You can get all keys by using the keys() function; the values() function returns all the values.

How It Works

We’ll use the steps in this section to solve our problem.

Step 3-7-1. Creating a Dictionary of Stationary Items

We’ll create a dictionary with the following line of Python code:
>>> pythonDict = {'item1':'Pencil','item2':'Pen', 'item3':'NoteBook'}
>>> pythonDict
Here is the output:
{'item2': 'Pen', 'item3': 'NoteBook', 'item1': 'Pencil'}

Step 3-7-2. Indexing an Element by Using a Key

Let’s fetch the value of 'item1:'
>>> pythonDict['item1']
Here is the output:
'Pencil'
But if the key is not found in the dictionary, a KeyError exception is thrown:
>>> pythonDict['item4']
Here is the output:
Traceback (most recent call last):
  File "<stdin>", line 1, in <module>
KeyError: 'item4'
To prevent a KeyError exception, we can use the get() function on a dictionary. Then, if a value is not found for a given key, it returns nothing (and otherwise returns the value associated with that key). Let’s explore get() in the following Python code snippet:
>>> pythonDict.get('item1')
Here is the output:
'Pencil'
We know that the key item4 is not in our dictionary. Therefore, the Python get() function will return nothing in this case:
>>> pythonDict.get('item4')

Step 3-7-3. Getting All the Keys

Getting all the keys together is often required in problem-solving. Let’s get all the keys by using our keys() function:
>>> pythonDict.keys()
Here is the output:
['item2', 'item3', 'item1']
Function keys() returns all the keys in a list.

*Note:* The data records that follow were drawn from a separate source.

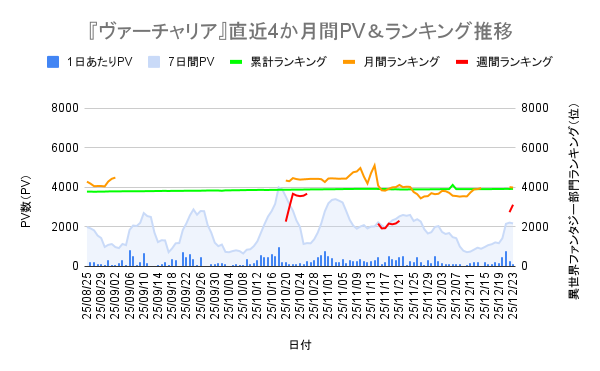 いよいよ70万PVが近づいてきました。年内達成を目指していますが予想通りと言うか1日あたりPVが減速してます。いや~ギリギリだなぁ……でも多分間に合うと思うんですよね。
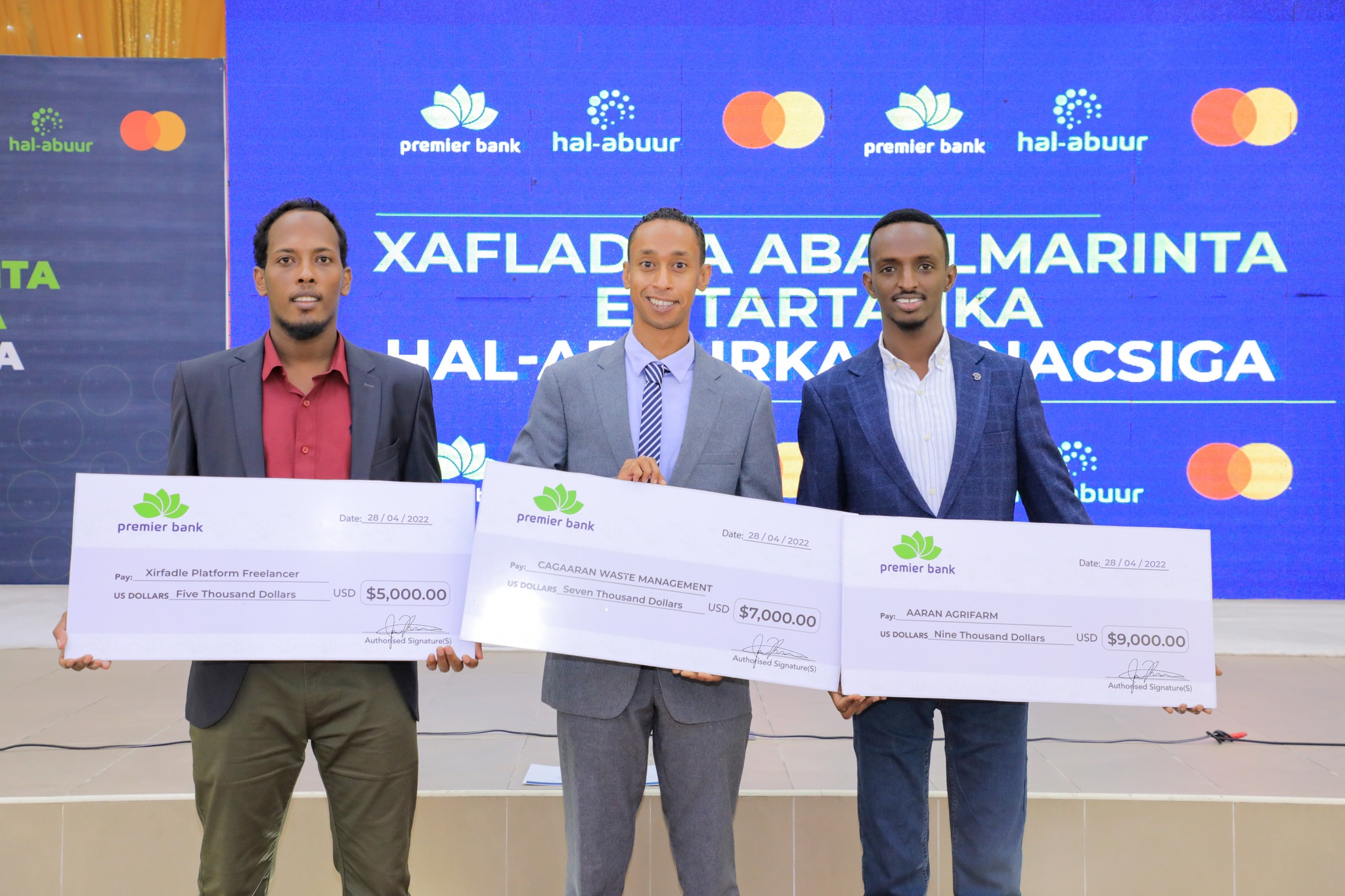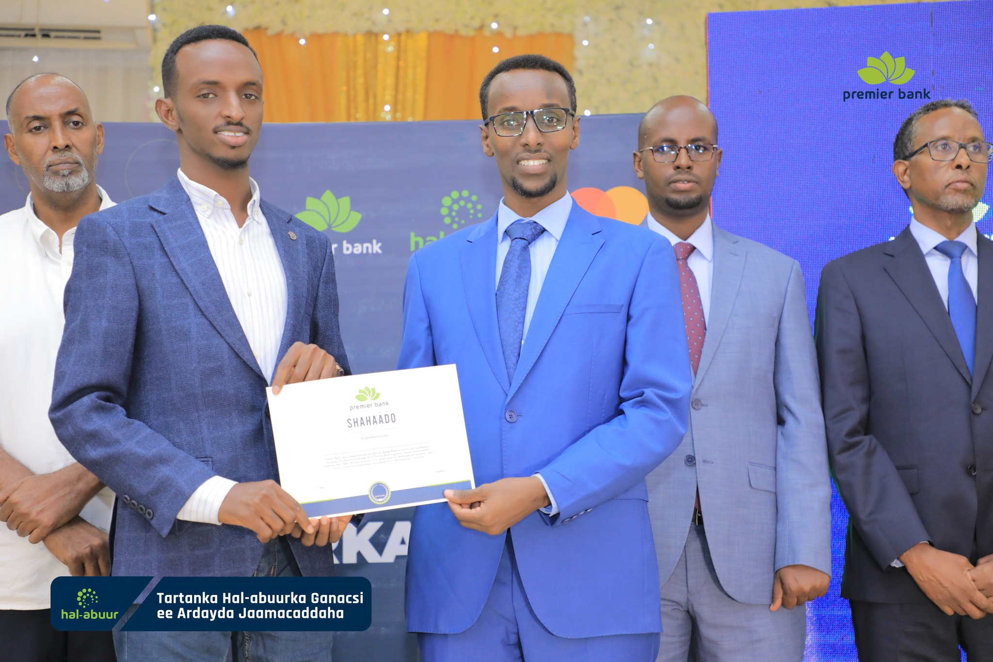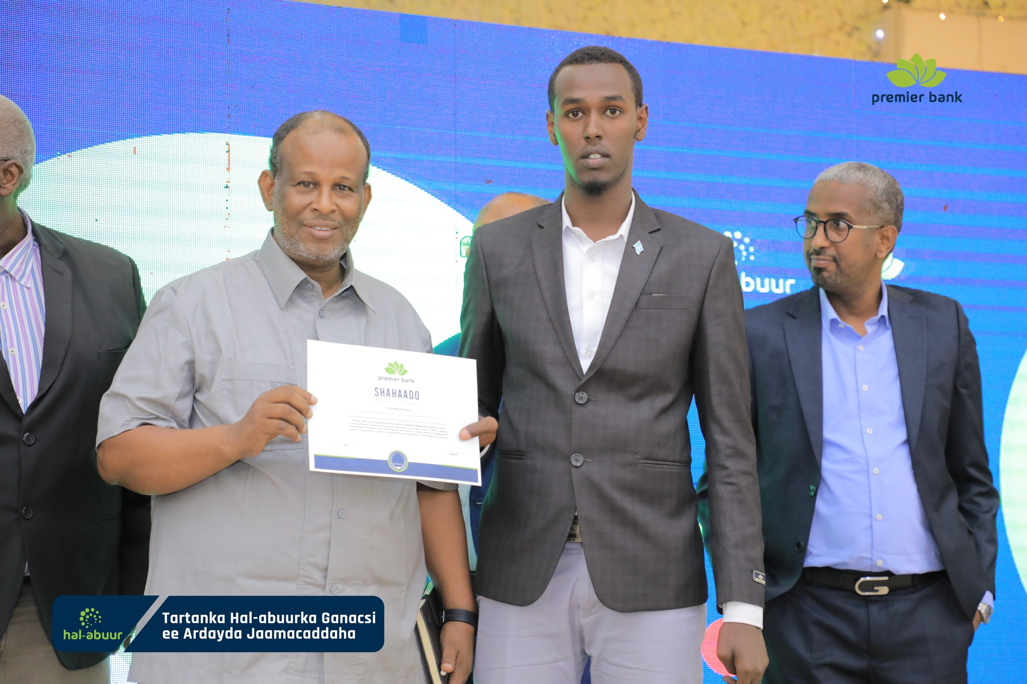 Premier Bank of Somalia held an award ceremony in Mogadishu last night, giving a cash prize of $21,000 to the top three students of the Hal-abuur startup competition, which was held for the first time in Mogadishu this year for the talented and creative university students.
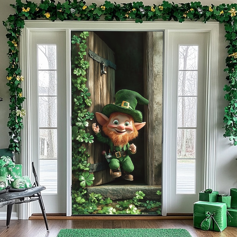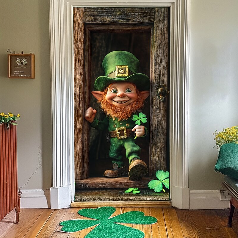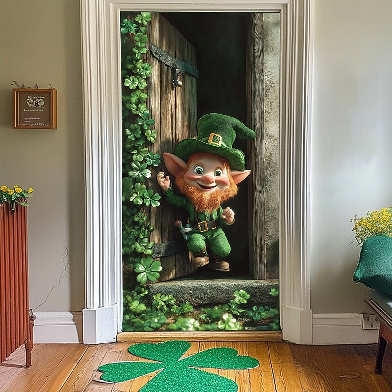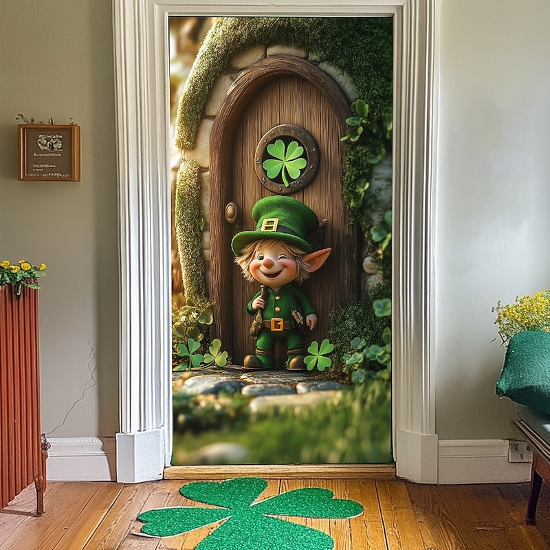 trending ! Saint Patrick's Day Door Decorations Door Covers Gnome Door Tapestry Door Curtain Decoration Backdrop Indoor/Outdoor Door Banner for Front Door Farmhouse
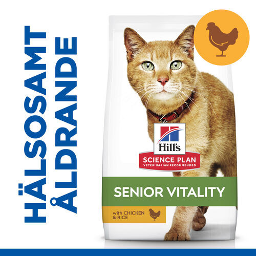 Hill's Science Plan Mature Adult Senior Vitality kattfoder med kyckling & ris är ett torrfoder för äldre katter som bland annat ger bättre kondition och hjärnfunktion.
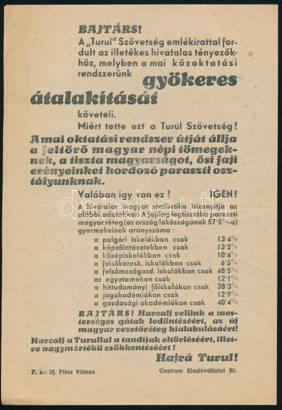 cca 1930 A Turul Szövetség röplapja a magyar parasztság részvételéért ...
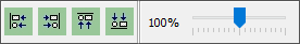 The Application Panel also provides alignment and zoom functionality to better visualise the components laid out in the Application Canvas. On the bottom of the Application Panel, various alignment buttons are provided to allow for multiple dialog components be aligned. In what direction they are aligned depends on the chosen alignment button pressed; the components can be left, right, top or bottom aligned. The alignment buttons will only be enabled when two or more dialog components are selected. Furthermore, zooming is provided for the Application Canvas through the zoom dial found on the bottom of the Application Panel. A zoom percentage can be specified through this dial with a minimum of 10% and maximum 300% zoom factor.
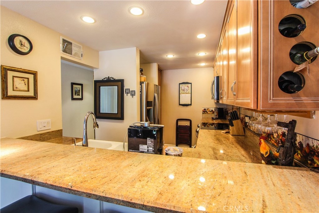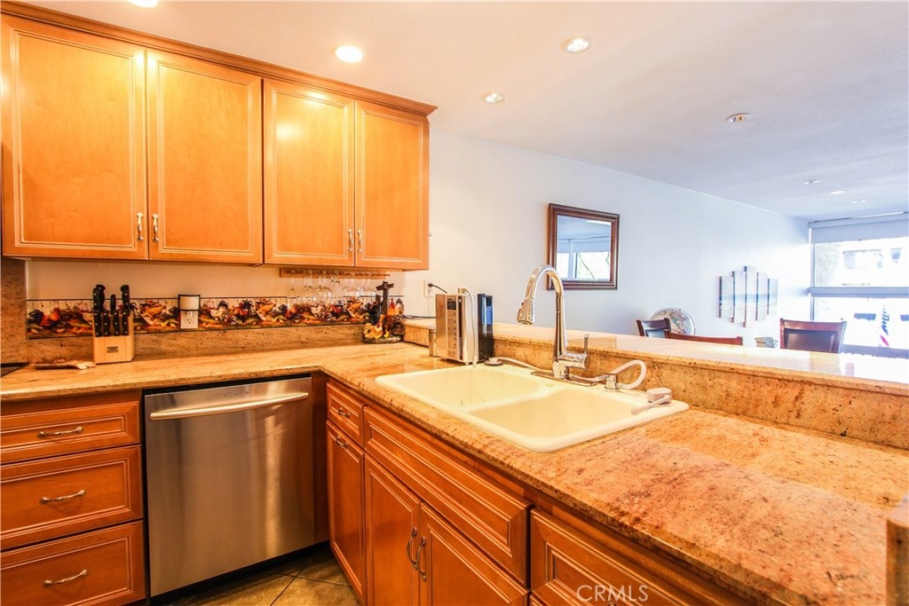 Turnkey Marina Pacific Model D One Bedroom + enclosed den overlooking verdant landscaping, pool, spa, views to Marine Stadium from the private tiled balcony. Fantastic convenience and walkability in this 24/7 Guard-Gated Community across from the new 2nd & PCH Center & The Market Place. Stroll across the footbridge to Marina Pacifica Shopping Center for Ralph's, AMC Movie theater, Barne's & Noble, Lucille's & CVS. Gelson's, Whole Foods, and Trader Joe's are just minutes away. Enjoy a five-minute bike ride to Naples & Belmont Shore, launch your small craft into Marine Stadium from Davies Launch. Enjoy kayaking, paddle boarding, jet-skiing, small boating adventures through Alamitos Bay. Walk to the weekly Farmers Market. This residence features in-unit laundry, newer custom cabinets, granite countertops, SS appliances, recessed lighting, large breakfast bar, a totally open concept, updated fire on ice Fireplace in the living room, new central AC & heat, new tile in entryway, hallway, dining & baths, new doors, walk-in closet in Master, new carpet in living, Master, & den, new paint throughout, a gigantic storage area (fully finished) is hidden under the dining room & den. The double high windows (with blackout shades if needed) let in the cool ocean breezes & warm Southern CA sunshine. Located in key 8 with 2 parking spaces. HOA boasts 6 pools & spas, fitness center, clubhouse, EQ insurance, & on-site mgmt office. Enjoy the Lifestyle!!
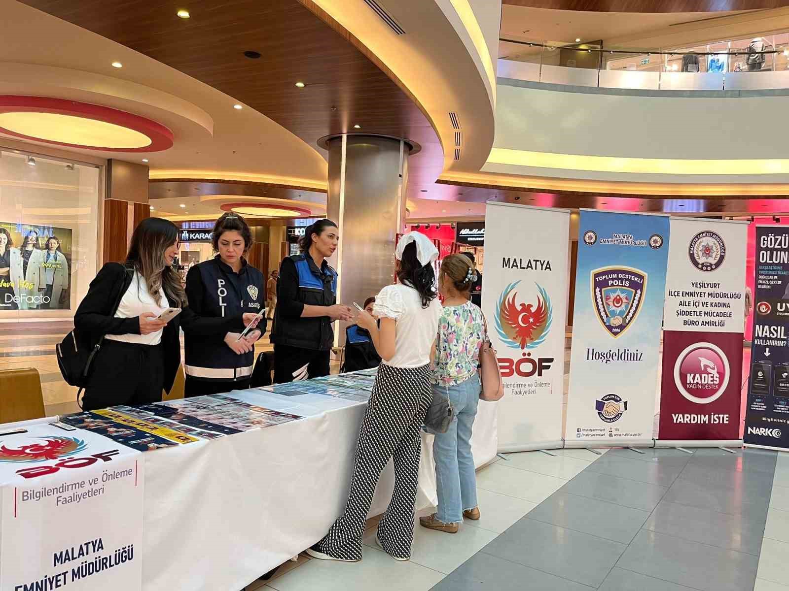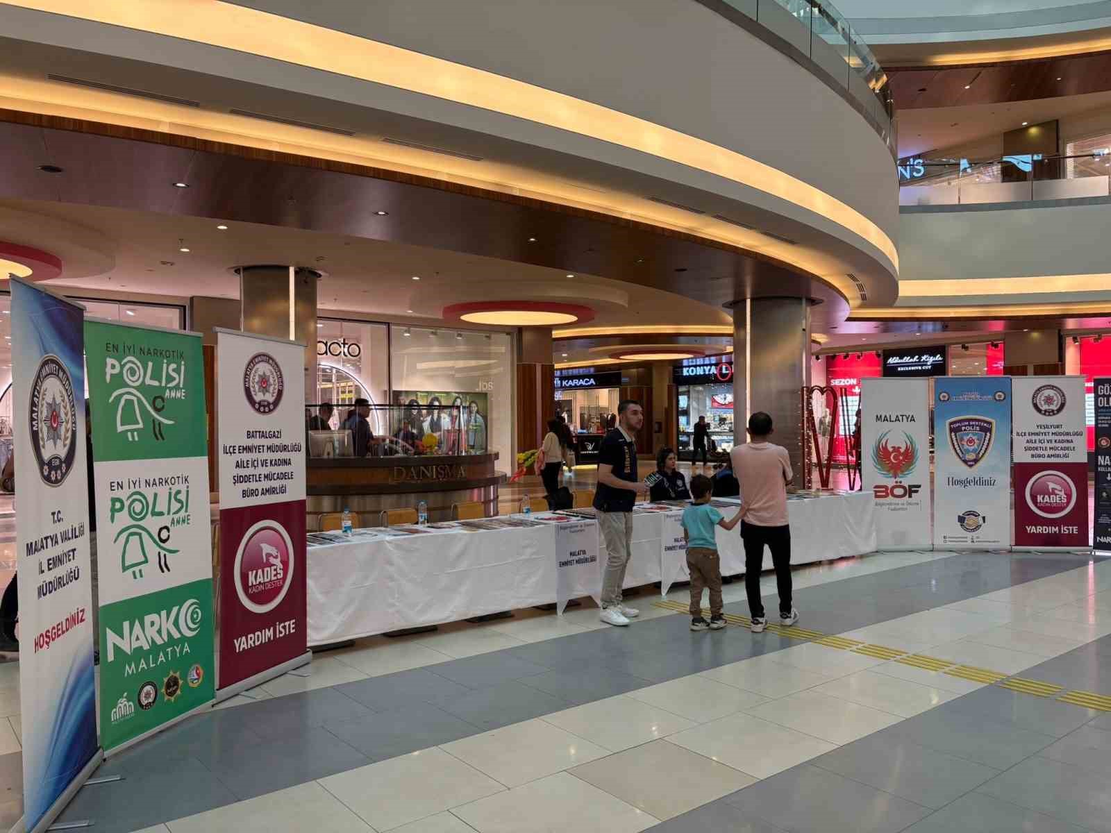Malatya Emniyet Müdürlüğü tarafından Toplum Destekli Polislik Şube Müdürlüğü işbirliğiyle MalatyaPark AVM’de bir bilgilendirme etkinliği düzenlendi. Etkinlikte, Narkotik Şube Müdürlüğü, Yeşilyurt ve Battalgazi Aile İçi Büro Amirlikleri ve Siber Suçlarla Mücadele Şube Müdürlüğü ekipleri, AVM ziyaretçilerini UYUMA ve KADES uygulamalarının indirilmesi, yasa dışı faaliyetlere karşı duyarlılık, genel güvenlik önlemleri ve telefon/internet dolandırıcılığı gibi konularda bilgilendirdi.
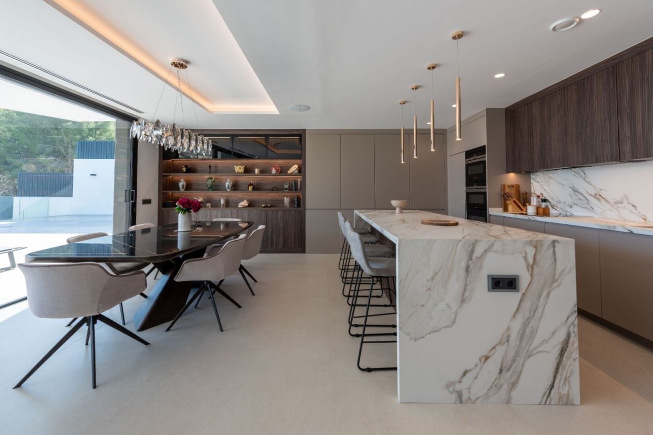 Velkolepá nedávno postavená vila s nádherným výhledem na moře, která se nachází v jedné z nejvyhledávanějších oblastí Costa de Blanca. Dům je postaven na 4 podlažích s 522m2 zastavěné plochy a na pozemku 1505m2. Tato fantastická vila nabízí v hlavní části velkolepou kuchyni nejnovějšího designu integrovanou s jídelnou, což z ní dělá nádherný prostor pro zábavu s rodinou, obývací pokoj je oddělen působivým krbem, který se spojuje na obou stranách, odkud se dostanete na velkou terasu, relaxační prostor u bazénu, gril a vynikající zahradu; V patře jsou 4 velké ložnice s integrovanými skříněmi a jejich velkými okny pro nádherný výhled, 4 en-suite koupelny, nahoře najdeme hlavní vchod domu, garáž, parkoviště a kam se do domu dostaneme výtahem nebo po schodech s LED světly; Ve spodní části najdeme posilovnu, Spa, jacuzzi, saunu, vyhřívaný bazén, bar se vším, co si můžete užít s přáteli a rodinou, 2 koupelny pro hosty, kuchyň se vším pro ty nejodvážnější na vaření pečiva. Oblast kina atd. a mnoho dalších doplňků!!
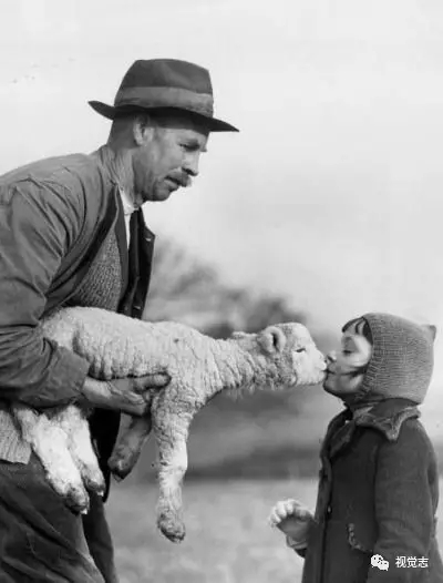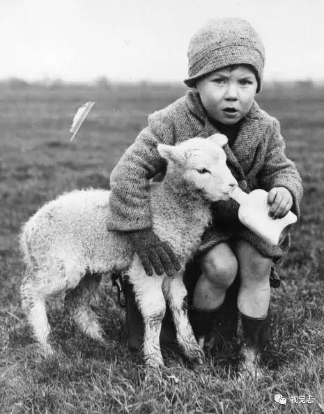 田野里一个孩子正在给没了妈妈的羊羔喂奶 ▼

Step 3-7-4. Getting All the Values

Applying the value() function will return all the values in a dictionary:
>>> pythonDict.values()
Here is the output:
['Pen', 'NoteBook', 'Pencil']
Similar to the keys() function, values() also returns all the values in a list as output.

Recipe 3-8. Work with Define and Call Functions

Problem

You want to write a Python function that takes an integer as input and returns True if the input is an even number, and otherwise returns False.

Solution

Functions improve code readability and reusability. In Python, a function definition is started with the def keyword. The user-defined name of a function follows that def keyword. If a function takes an argument, it is written within parentheses; otherwise, we write just the set of parentheses. The colon symbol (:) follows the parentheses. Then we start writing the statements as the body of the function. The body is indented with respect to the line containing the def keyword. If our user-defined function returns a value, that is achieved by using the return Python keyword.

How It Works

We are going to create a function named isEvenInteger. The following lines define our function:
>>> def isEvenInteger(ourNum) :
            return ourNum %2 == 0
In this code example, we can see that our function name is isEvenInteger. Our function name follows the def keyword. The argument to our function, which is ourNum in this case, is within parentheses. After the colon, we define our function body. In this function body, there is only one statement. The function body statement is returning the output of a logical expression. We return a value from a function by using the return keyword. If a function doesn’t return any value, the return keyword is omitted. The logical expression of the function body is checking whether modules of the input number equal zero or not.
After defining our function isEvenInteger, we should call it so we can watch it work. In order to test our function working, we’ll call it with an even argument and then with an odd integer argument. Let’s start with the even integer input. Here we provide input 4, which is an even integer:
 >>> isEvenInteger(4)
Here is the output:
True
As we can see, the output is True. This means that the input we have provided is an even number.
Now let’s provide an odd number as input:
>>> isEvenInteger(5)
Here is the output:
False
With an odd number as the input, our function isEvenInteger has returned False.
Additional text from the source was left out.